** EXERCISE DATA **
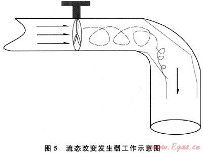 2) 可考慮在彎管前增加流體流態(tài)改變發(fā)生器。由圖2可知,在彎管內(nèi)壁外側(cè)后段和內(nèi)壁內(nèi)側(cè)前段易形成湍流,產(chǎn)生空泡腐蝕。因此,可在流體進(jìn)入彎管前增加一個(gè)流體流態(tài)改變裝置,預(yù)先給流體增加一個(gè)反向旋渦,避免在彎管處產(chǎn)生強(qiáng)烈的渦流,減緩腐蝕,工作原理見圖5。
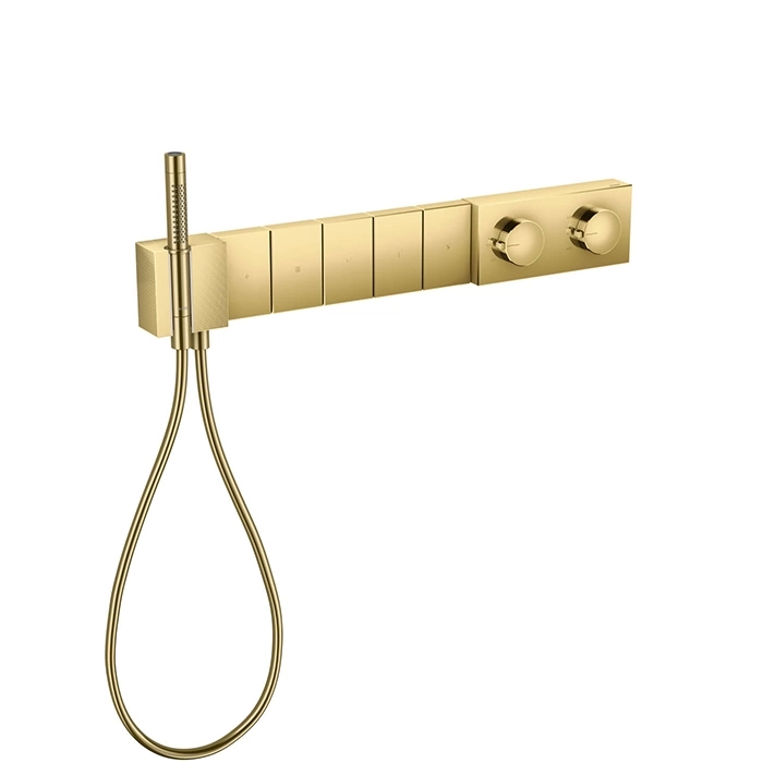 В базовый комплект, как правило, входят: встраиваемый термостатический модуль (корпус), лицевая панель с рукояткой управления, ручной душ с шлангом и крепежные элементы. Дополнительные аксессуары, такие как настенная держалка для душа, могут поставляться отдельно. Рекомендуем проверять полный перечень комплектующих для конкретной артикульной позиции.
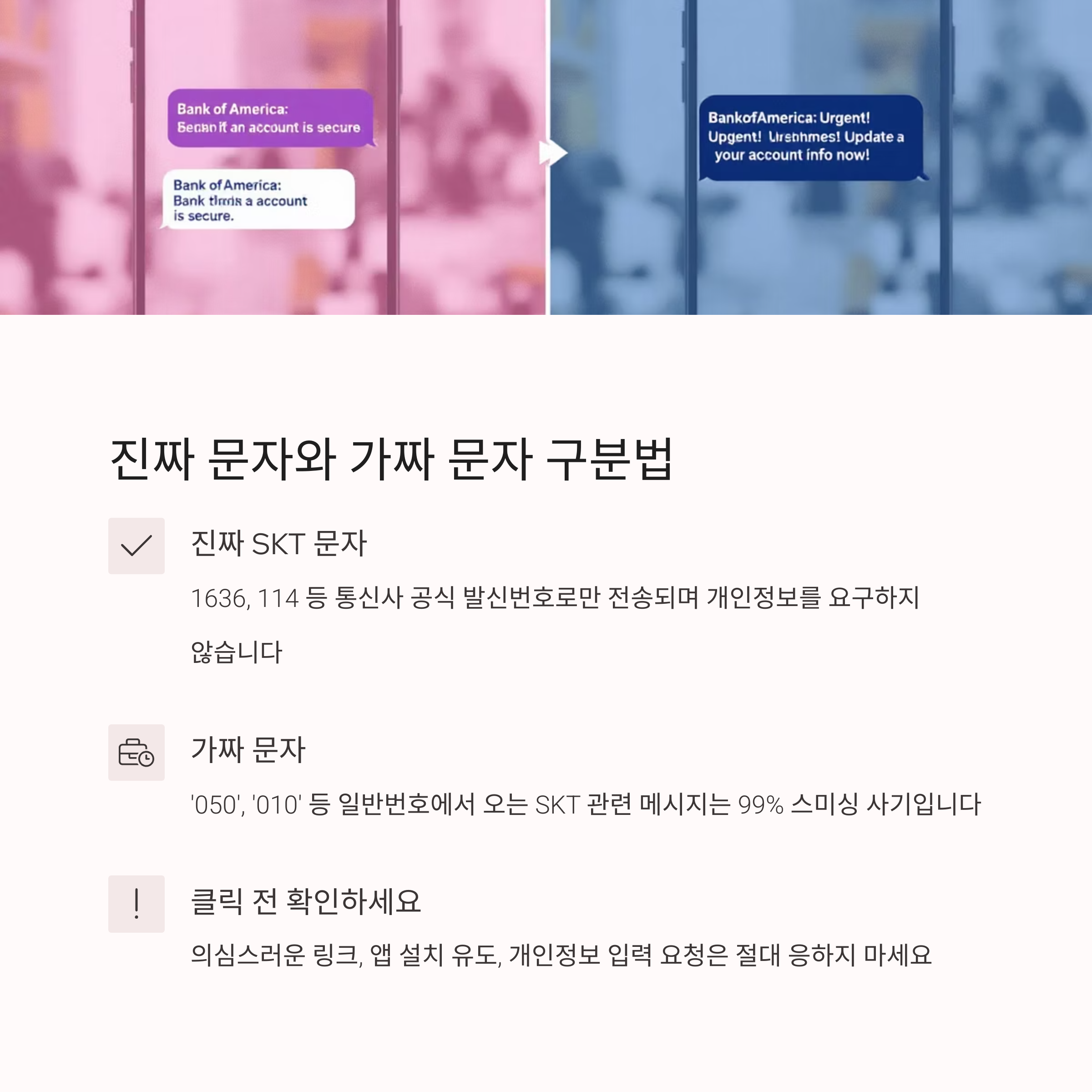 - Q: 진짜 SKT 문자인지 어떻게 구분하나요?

** WORK REQUIRED **
Give the data again exactly, without pictures.

** RESPONSE **
 2) 可考慮在彎管前增加流體流態(tài)改變發(fā)生器。由圖2可知,在彎管內(nèi)壁外側(cè)后段和內(nèi)壁內(nèi)側(cè)前段易形成湍流,產(chǎn)生空泡腐蝕。因此,可在流體進(jìn)入彎管前增加一個(gè)流體流態(tài)改變裝置,預(yù)先給流體增加一個(gè)反向旋渦,避免在彎管處產(chǎn)生強(qiáng)烈的渦流,減緩腐蝕,工作原理見圖5。
 В базовый комплект, как правило, входят: встраиваемый термостатический модуль (корпус), лицевая панель с рукояткой управления, ручной душ с шлангом и крепежные элементы. Дополнительные аксессуары, такие как настенная держалка для душа, могут поставляться отдельно. Рекомендуем проверять полный перечень комплектующих для конкретной артикульной позиции.
 - Q: 진짜 SKT 문자인지 어떻게 구분하나요?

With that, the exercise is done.